• [Task objective] Beginning at the line containing "- 후설을 내리고(후두 내려짐) 연구개 들면 부드러운 고음" in the material below and ending at the line containing "Galerie Bl. 6", return each line exactly and add nothing.

• [Supplied entries]
BEGIN
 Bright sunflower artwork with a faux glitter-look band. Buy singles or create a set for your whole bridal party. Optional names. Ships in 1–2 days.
END
BEGIN
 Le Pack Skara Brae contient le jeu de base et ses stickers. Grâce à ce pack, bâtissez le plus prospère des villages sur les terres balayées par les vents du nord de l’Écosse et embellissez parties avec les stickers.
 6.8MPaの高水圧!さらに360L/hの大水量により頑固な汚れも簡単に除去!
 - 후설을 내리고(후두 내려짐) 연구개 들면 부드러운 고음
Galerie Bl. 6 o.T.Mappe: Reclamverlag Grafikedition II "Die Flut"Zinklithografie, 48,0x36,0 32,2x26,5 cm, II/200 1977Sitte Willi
END
• [Exercise response]
 - 후설을 내리고(후두 내려짐) 연구개 들면 부드러운 고음
Galerie Bl. 6 o.T.Mappe: Reclamverlag Grafikedition II "Die Flut"Zinklithografie, 48,0x36,0 32,2x26,5 cm, II/200 1977Sitte Willi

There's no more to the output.